Suppose you want to save the current state of the LOB before further writing to the LOB buffer. In performing updates while using LOB buffering, writing to an existing buffer does not make a roundtrip to the server, and so does not refresh the snapshot environment in the locator. This would not be the case if you were updating the LOB directly without using LOB buffering. In that case, every update would involve a roundtrip to the server, and so would refresh the snapshot in the locator.

Therefore to save the state of a LOB that has been written through the LOB buffer, follow these steps:

1. Flush the LOB, thereby updating the LOB and the snapshot environment in the locator (L1). At this point, the state of the locator (L1) and the LOB are the same.

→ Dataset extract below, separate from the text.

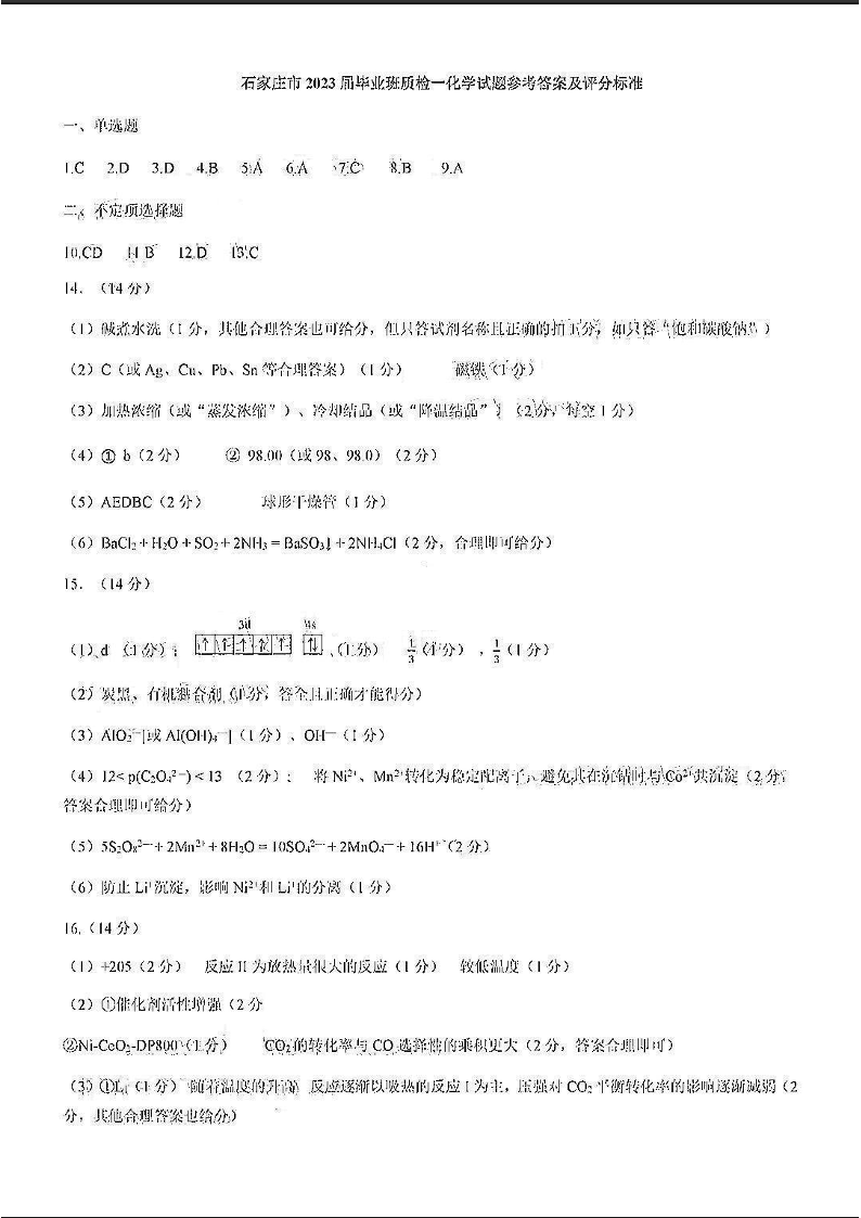 高三化学答案--河北省石家庄市2022-2023学年高三上学期期末考试试题

2. Assign the locator (L1) used for flushing and updating to another locator (L2). At this point, the states of the two locators (L1 and L2), as well as the LOB are all identical.

L2 now becomes a read consistent locator with which you are able to access the changes made through L1 up until the time of the flush, but not after! This assignment avoids incurring a roundtrip to the server to reselect the locator into L2.

OCI Example of LOB Buffering

The following pseudocode for an OCI program based on the Multimedia_tab schema illustrates the issues described above.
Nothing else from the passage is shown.